Urban Rail Corridor Control through Machine Learning: An IVHS Approach

S. Khasnabis*, T. Arciszewski*, S.K. Hoda* and W. Ziarko+

*Department of Civil and Environmental Engineering, Wayne State University, Detroit, Michigan, United States of America
+Department of Computer Science, University of Regina, Regina, Saskatchewan, Canada

Full Bibliographic Reference for this paper
S. Khasnabis, T. Arciszewski, S.K. Hoda, W. Ziarko, "Urban Rail Corridor Control through Machine Learning: An IVHS Approach", in B.H.V. Topping, (Editor), "Knowledge Based Systems for Civil & Structural Engineering", Civil-Comp Press, Edinburgh, UK, pp 97-104, 1993. doi:10.4203/ccp.17.4.3
Abstract
Traffic control along an urban rail corridor with closely spaced stations can be considered as a sequence of decision-making stages. When a train on an urban rail corridor connecting two terminal points with a large number of intermediate stations is considered, it can follow various regimes of motion and stopping, which identify individual driving scenarios. Their execution may result in different values of attributes describing driving scenarios, namely travel time, energy consumption, and passenger comfort and others.

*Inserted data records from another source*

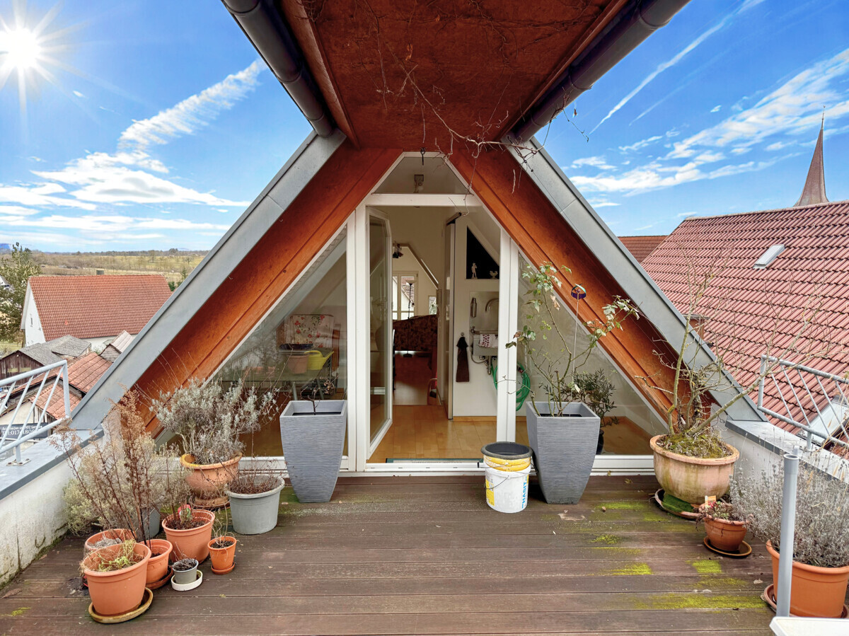 Ein absolutes Highlight dieser Immobilie ist die einzigartige Dachterrasse mit beeindruckendem Weitblick bis zur Schwäbische Alb. Hier genießen Sie sonnige Stunden in besonderer Atmosphäre – ein Ort zum Entspannen und Verweilen.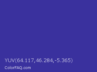 YUV 64.117,46.284,-5.365 Color is a normal indigo color and the nearest color is Blue Pigment #333399. Hex code #3a319e and RGB value is rgb(58,49,158). In RGB color space, this color is composed of 23% red, 19% green, 62% blue, In CMYK color space, this color is composed of 63% cyan, 69% magenta, 0% yellow , 38% black , In HSL color space, this color has a hue angle of 245° , 53% saturation and 41% lightness.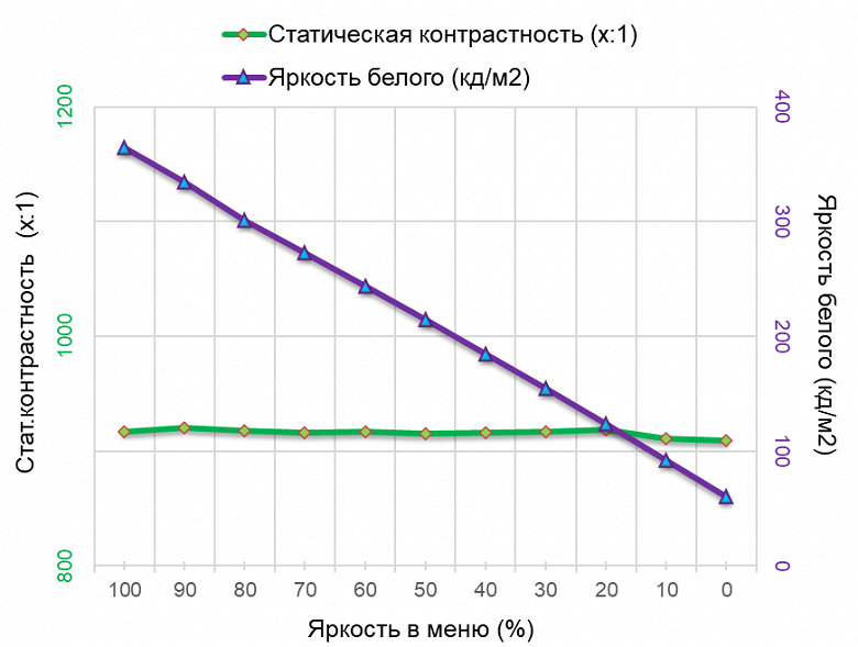 Монитор от LG продемонстрировал широкий диапазон регулировки яркости подсветки. Модель обеспечивает яркость от 60 до 365 нит, снижение яркости абсолютно линейно.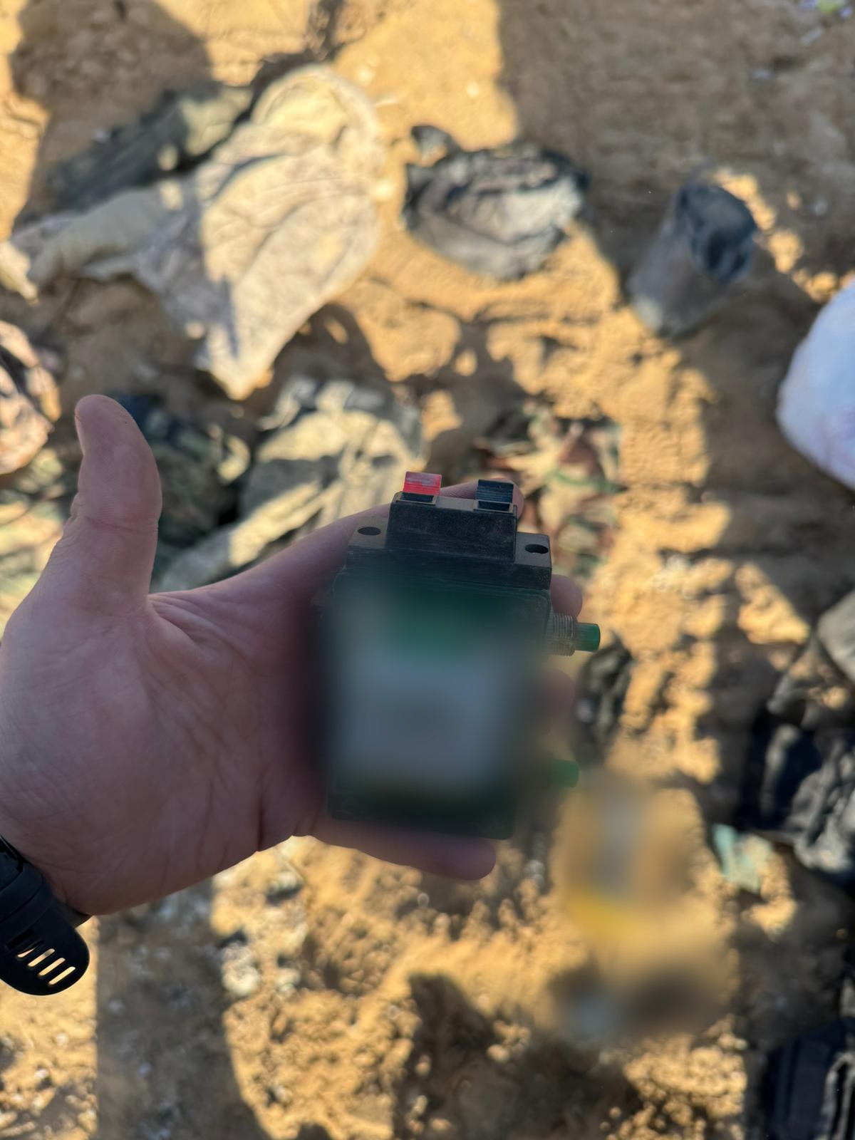 Additionally, a Hamas flag, military gear, and weapons were located in the Rafah area along the yellow line, including: firearms, rifles, explosive devices, magazines, and other weapons.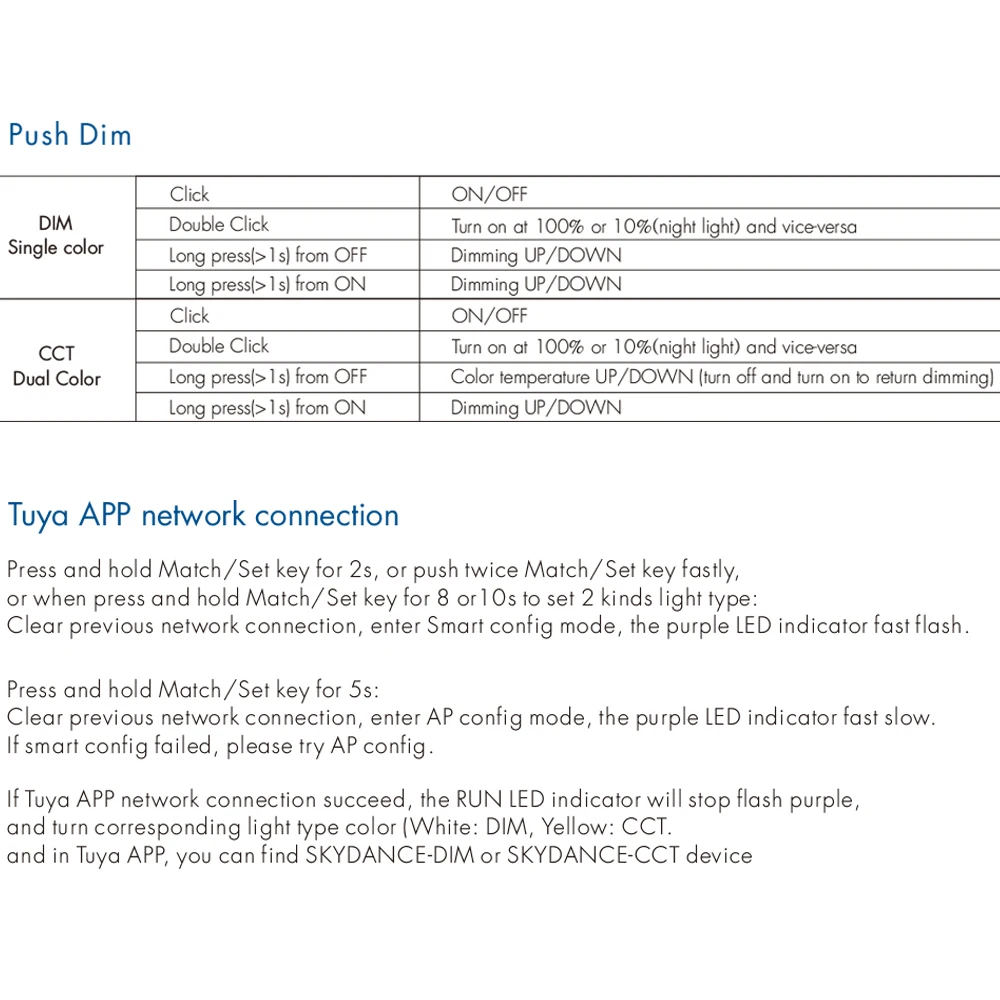 -Пользователь должен установить тип светильник нажатием кнопки перед подключением к сети Tuya APP и соответствовать радиочастотному удалению того же типа светильник.

The objective of this paper is to develop decision rules for driving scenarios along an urban rail corridor which can optimize travel time, energy consumption and passenger comfort, using the concept of machine learning. Machine learning is a science dealing with the development and implementation of computational models of learning and discovery processes. In this paper, the concept of knowledge acquisition through inductive learning as an NHS approach is explored to establish decision rules.

A computer simulation model REGIME was developed for the estimation of values of evaluation criteria, which included travel time, energy consumption and passenger comfort levels. REGIME was used to estimate these values for a hypothetical rail corridor for various driving scenarios. Next, a commercial learning system ROUGH was used in conjunction with the examples created through REGIME to develop decision rules. The learning algorithm used in ROUGH is based on the theory of rough sets proposed by Pawlak.

The study demonstrates the feasibility of machine learning in automated knowledge acquisition to develop decision rules for complex engineering problems such as urban rail corridor control. The technique of machine learning appears to complement the emerging IVHS area. Further research is needed to verify the rules developed before these rules can be applied.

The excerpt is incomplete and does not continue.